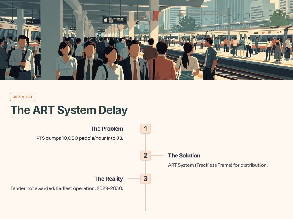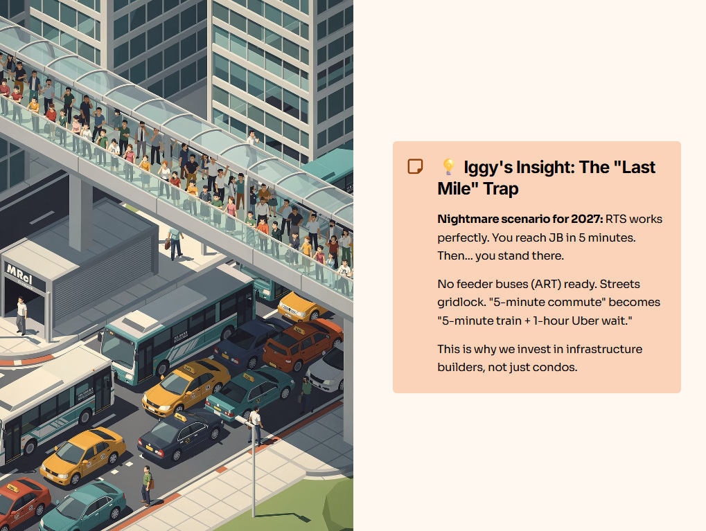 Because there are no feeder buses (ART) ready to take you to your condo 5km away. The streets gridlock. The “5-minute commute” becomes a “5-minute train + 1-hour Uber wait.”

* * *

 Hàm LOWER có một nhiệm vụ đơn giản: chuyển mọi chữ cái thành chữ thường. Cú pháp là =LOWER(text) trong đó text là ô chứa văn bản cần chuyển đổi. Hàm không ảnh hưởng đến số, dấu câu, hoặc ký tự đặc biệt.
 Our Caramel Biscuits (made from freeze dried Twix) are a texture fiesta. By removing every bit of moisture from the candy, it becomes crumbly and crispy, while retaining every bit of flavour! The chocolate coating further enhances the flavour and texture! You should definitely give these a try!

### [What to work on]
Your task is to transcribe, with no changes, only the lines of the listing above that lie between the line holding "Hàm LOWER có" and the line holding "Our Caramel Biscuits", inclusive.

### [Expected answer]
 Hàm LOWER có một nhiệm vụ đơn giản: chuyển mọi chữ cái thành chữ thường. Cú pháp là =LOWER(text) trong đó text là ô chứa văn bản cần chuyển đổi. Hàm không ảnh hưởng đến số, dấu câu, hoặc ký tự đặc biệt.
 Our Caramel Biscuits (made from freeze dried Twix) are a texture fiesta. By removing every bit of moisture from the candy, it becomes crumbly and crispy, while retaining every bit of flavour! The chocolate coating further enhances the flavour and texture! You should definitely give these a try!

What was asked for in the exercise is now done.